HadCM3 (abbreviation for Hadley Centre Coupled Model, version 3) is a coupled atmosphere-ocean general circulation model (AOGCM) developed at the Hadley Centre in the United Kingdom. It was one of the major models used in the IPCC Third Assessment Report in 2001.
Unlike earlier AOGCMs at the Hadley Centre and elsewhere (including its predecessor HadCM2), HadCM3 does not need flux adjustment (additional "artificial" heat and freshwater fluxes at the ocean surface) to produce a good simulation. The higher ocean resolution of HadCM3 is a major factor in this; other factors include a good match between the atmospheric and oceanic components; and an improved ocean mixing scheme (Gent and McWilliams). HadCM3 has been run to produce simulations for periods of over a thousand years, showing little drift in its surface climate.
HadCM3 is composed of two components: the atmospheric model HadAM3 and the ocean model HadOM3 (which includes a sea ice model). Simulations use a 360-day calendar, where each month is 30 days.
Atmosphere model (HadAM3)
HadAM3 is a grid point model that has a horizontal resolution of 3.75 × 2.5 degrees in longitude × latitude. This corresponds to a spacing between points of approximately 300 km and is roughly comparable to T42 truncation in a spectral model. There are 96 × 73 grid points on the scalar (pressure, temperature and moisture) grid; the vector (wind velocity) grid is offset by 1/2 a grid box (see Arakawa B-grid). There are 19 levels in the vertical using a hybrid (sigma and pressure) coordinate system.

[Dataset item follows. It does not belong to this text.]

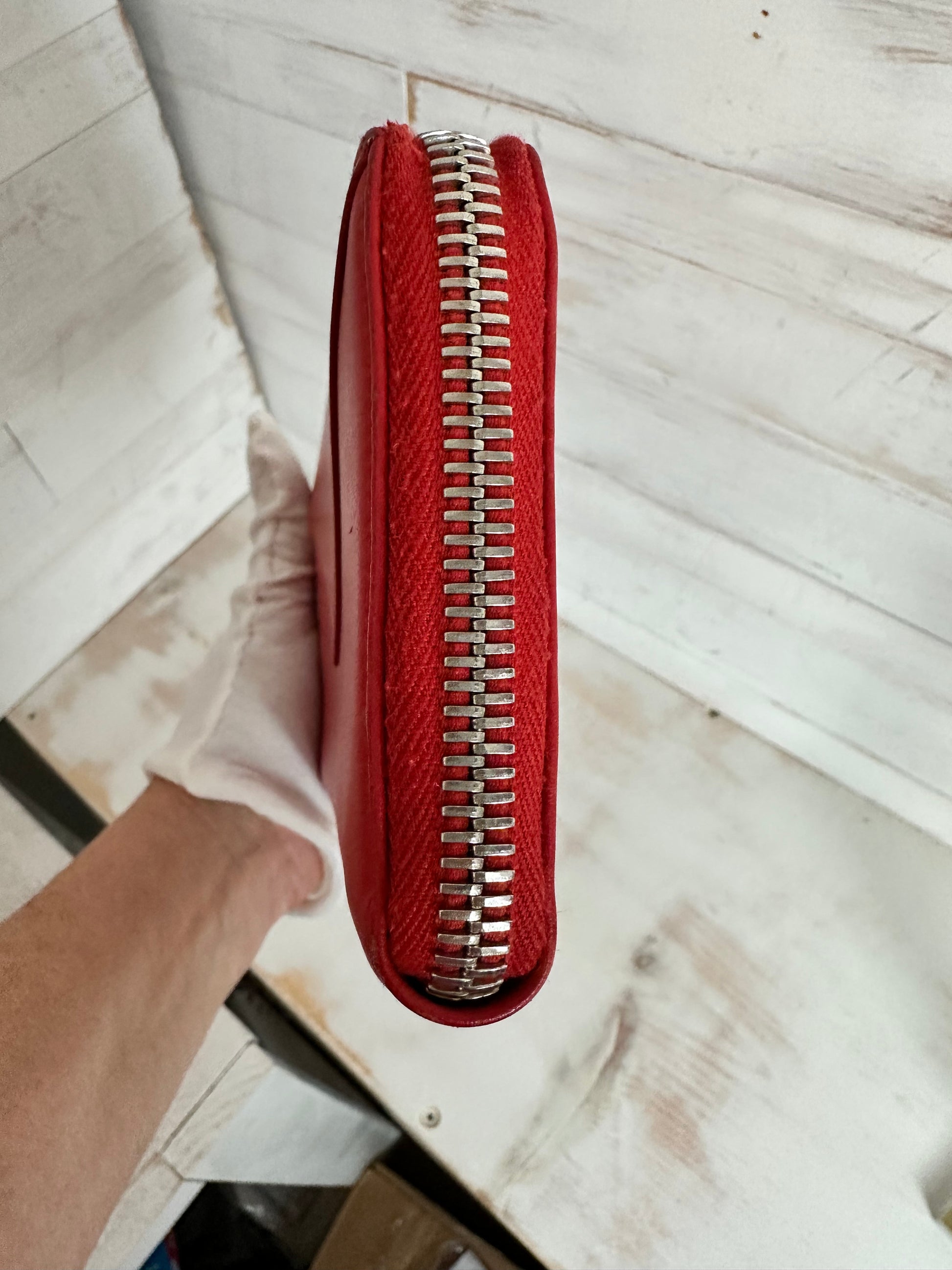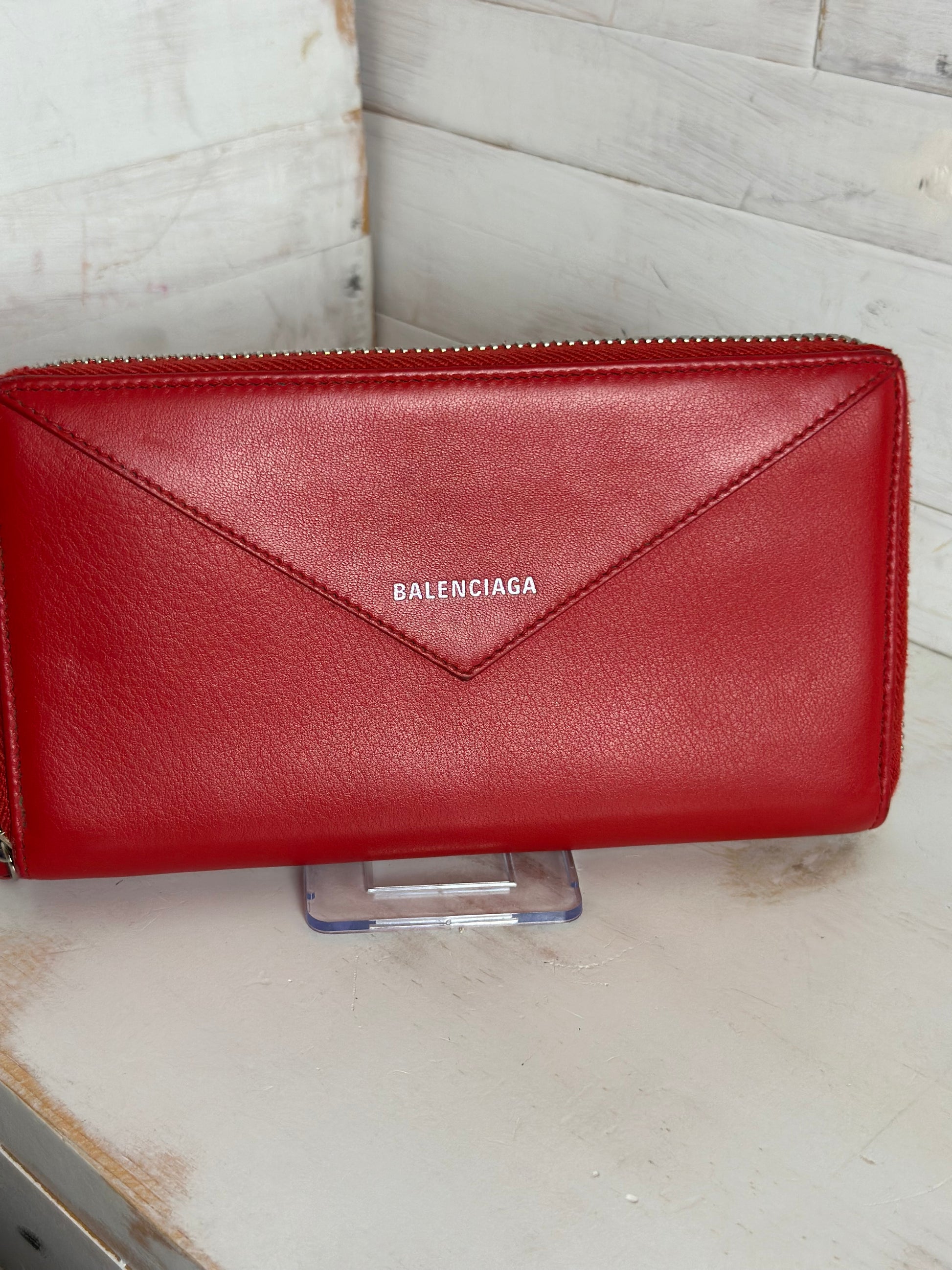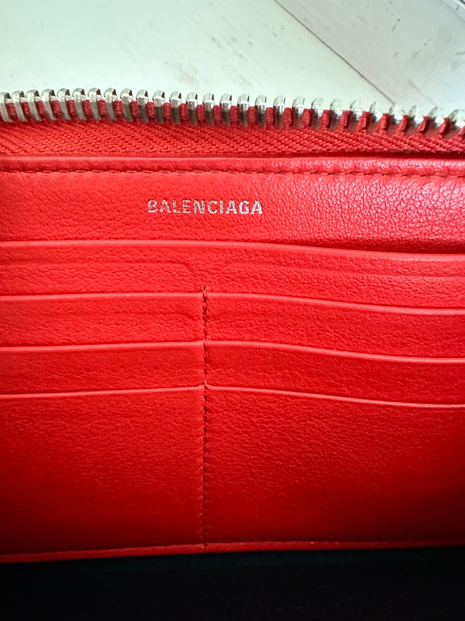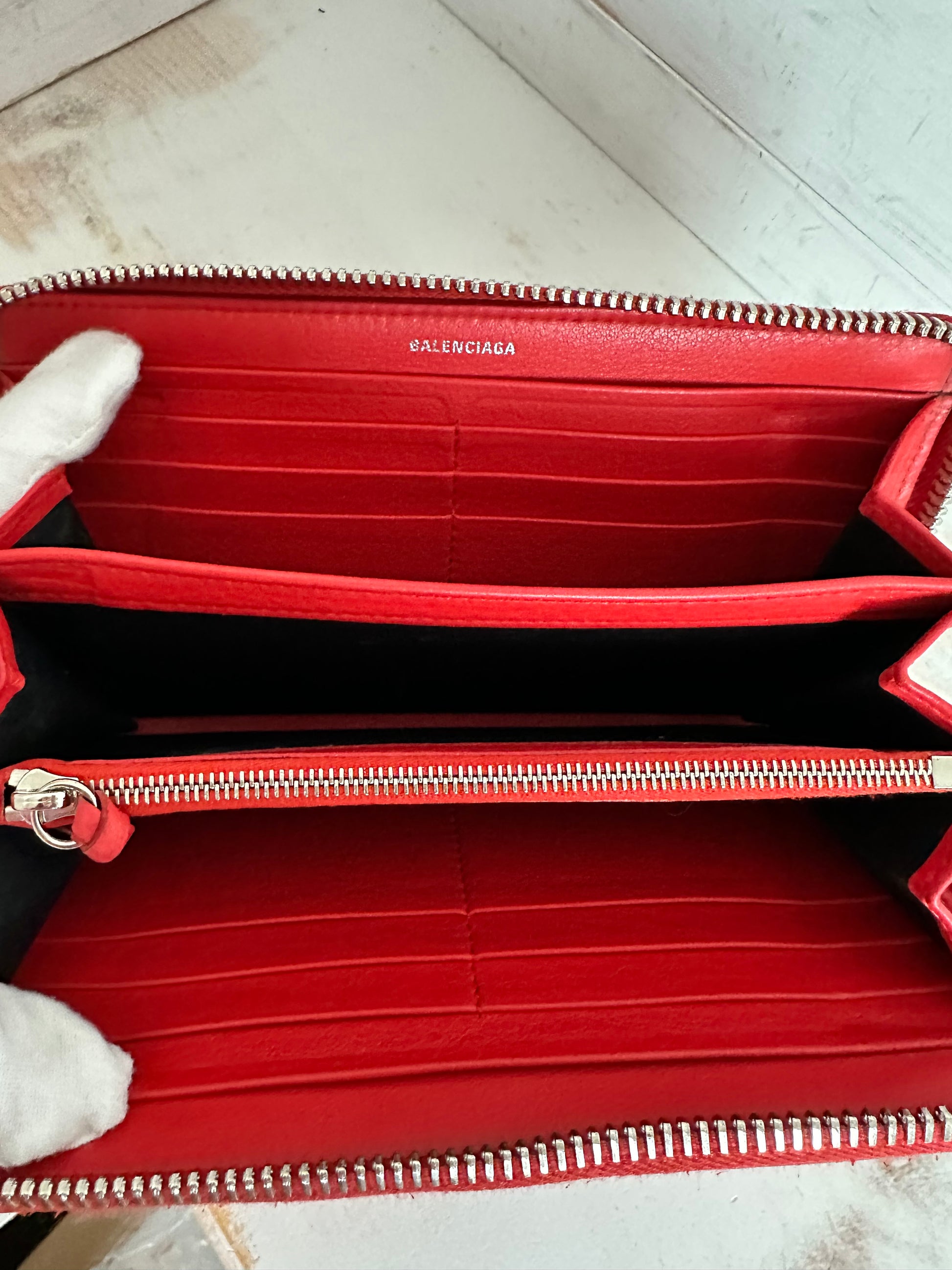 Balenciaga Papier Continental Red Leather Zip Around Wallet

This is the model behind PRECIS (Providing Regional Climates for Impacts Studies) as well as being the atmosphere component of the distributed computing project Climateprediction.net.
Ocean model (HadOM3)
The ocean model has a resolution of 1.25 × 1.25 degrees, 20 levels, and a timestep of one hour. Thus there are six ocean grid points for every atmospheric one. For ease of coupling the two models the grids are aligned and the ocean coastline is forced to be aligned to the atmospheric grid.
The atmospheric model is run for a day, and the fluxes (of heat, moisture and momentum) at the atmosphere-ocean interface are accumulated. Then the ocean model is run for a day, with the reverse fluxes accumulated. This then repeats through the length of the run. Unlike its predecessor HadCM2 there is no need for flux correction—the model climate remains stable and does not significantly drift. The lack of flux correction is cited by the IPCC as one of the advances in modelling since the IPCC Second Assessment Report.
The ocean model incorporates a thermodynamic-dynamic sea ice model with primitive (ocean drift) dynamics.
Slab model (HadSM3)
The atmospheric model may be run coupled to a simpler "slab ocean" rather than the full dynamic ocean. This is faster (and requires less memory) than the full model, but lacks dynamical feedbacks from the ocean, which are incorporated into the full coupled ocean–atmosphere models used to make projections of climate change out to 2100. The slab model needs a calibration phase in which the ocean temperatures are held to climatology while it calculates the "flux correction", i.e., extra ocean-atmosphere fluxes needed to keep the model ocean in balance (the model ocean does not include currents; these fluxes to some extent replace the heat that would be transported by the missing currents). After this calibration period the model may be run in climate mode.